* [Problem description]
Copy the opening lines of the listing exactly, through and including the line with "在官塘大桥项目现场,不少工人"; do not copy any pictures.
════════
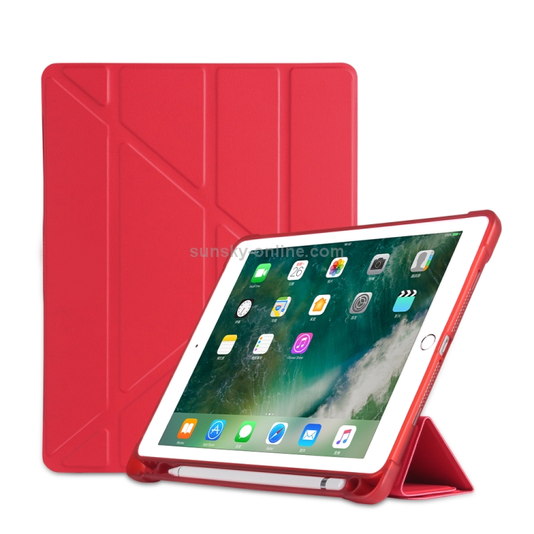 Funda Protectora TPU para iPad 9.7 (2018) 9.7 (2017) Air Air2 con Soporte y Ranura para Bolígrafo (Rojo)
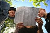 Проведение Единого Государственного Экзамена (ЕГЭ) по русскому языку в Общеобразовательной школе №199. Выпускники перед началом экзамена во дворе школы.
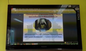 В ходе рассказа была показана видео презентация «180 лет Православному Полоцкому собору. Также сестра Галина рассказала и показала фото церквей Дрогичинского благочиния, которые в этот период правления униатской веры были построены как униатские: Антопольский Воскресенский храм, храм Рождества Пресвятой Богородицы д.Вавуличи, Покровский храм аг.Детковичи, Успенский храм д.Лосинцы, Преображенский храм аг.Новая Попина, Покровский храм аг.Радостово, Успенский храм д.Перковичи. Затем все храмы были перестроены на православные. Рассказала также сестра милосердия историю униатского монастыря в аг.Именин, его настоятеле — священике Донате Новицком. По первому образованию — он был офицер. Прошел Соловецкий лагерь. В 1932–м был освобожден после обмена заключенными между СССР и Польшей. С того же года служил в греко–католическом приходе в Торокани. В 1939–м переехал в Зеленку под Варшавой. В памяти жителей Торокани священник остался как учитель и меценат. Многим молодым людям из деревень, окружавших Тороканский монастырь, он дал дорогу в жизнь. За свои средства отправлял крестьянских детей учиться в польские города.
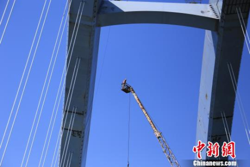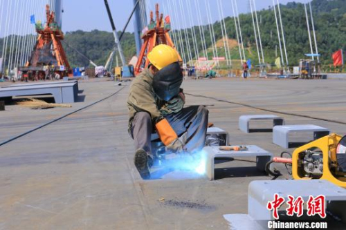 在官塘大桥项目现场,不少工人正在紧张有序地给合龙两端的钢箱梁焊缝进行焊接,更有作业人员站在高空施工平台上由吊车吊起,在距江面100多米的高空对拱面进行作业。
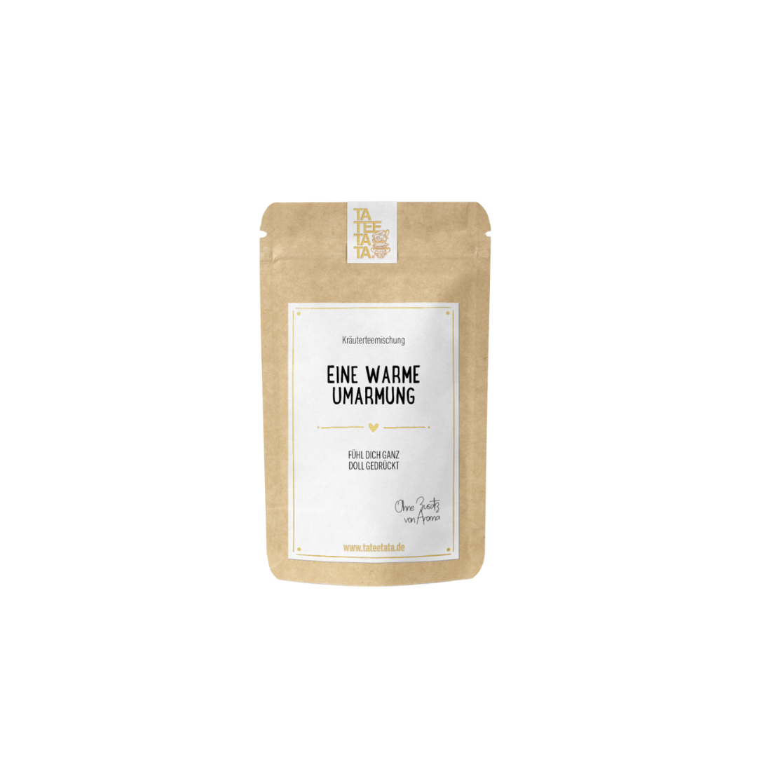 Verschenke eine warme Umarmung als Tee - ein Gefühl der Geborgenheit für Zuhause die auch von innen wärmt. Dieser leckere , wohltuende Tee von TaTeeTaTa ist die perfekte kleine Aufmerksamkeit für Zwischendurch. Der Tee ist perfekt als kleine Geste, die von Herzen kommt und tief im Inneren berührt. Die ayurvedische Rezeptur wirkt durch und durch erwärmend und herzergreifend. Glutenfrei, vegan und in edlem Natur-Design verpackt, ist dieser Tee ein stilvolles Geschenk für Freunde, Familie oder Kollegen.
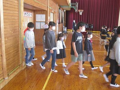 地震から火災が起こった設定で避難訓練を行いました。今回は1年生が入学して初めてということもあって避難経路の確認が一番の目的でしたが、全員避難まで1分57秒。指示に従って素早く避難することができました。よかったと思います。
════════
* [Answer to this problem]
 Funda Protectora TPU para iPad 9.7 (2018) 9.7 (2017) Air Air2 con Soporte y Ranura para Bolígrafo (Rojo)
 Проведение Единого Государственного Экзамена (ЕГЭ) по русскому языку в Общеобразовательной школе №199. Выпускники перед началом экзамена во дворе школы.
 В ходе рассказа была показана видео презентация «180 лет Православному Полоцкому собору. Также сестра Галина рассказала и показала фото церквей Дрогичинского благочиния, которые в этот период правления униатской веры были построены как униатские: Антопольский Воскресенский храм, храм Рождества Пресвятой Богородицы д.Вавуличи, Покровский храм аг.Детковичи, Успенский храм д.Лосинцы, Преображенский храм аг.Новая Попина, Покровский храм аг.Радостово, Успенский храм д.Перковичи. Затем все храмы были перестроены на православные. Рассказала также сестра милосердия историю униатского монастыря в аг.Именин, его настоятеле — священике Донате Новицком. По первому образованию — он был офицер. Прошел Соловецкий лагерь. В 1932–м был освобожден после обмена заключенными между СССР и Польшей. С того же года служил в греко–католическом приходе в Торокани. В 1939–м переехал в Зеленку под Варшавой. В памяти жителей Торокани священник остался как учитель и меценат. Многим молодым людям из деревень, окружавших Тороканский монастырь, он дал дорогу в жизнь. За свои средства отправлял крестьянских детей учиться в польские города.
 在官塘大桥项目现场,不少工人正在紧张有序地给合龙两端的钢箱梁焊缝进行焊接,更有作业人员站在高空施工平台上由吊车吊起,在距江面100多米的高空对拱面进行作业。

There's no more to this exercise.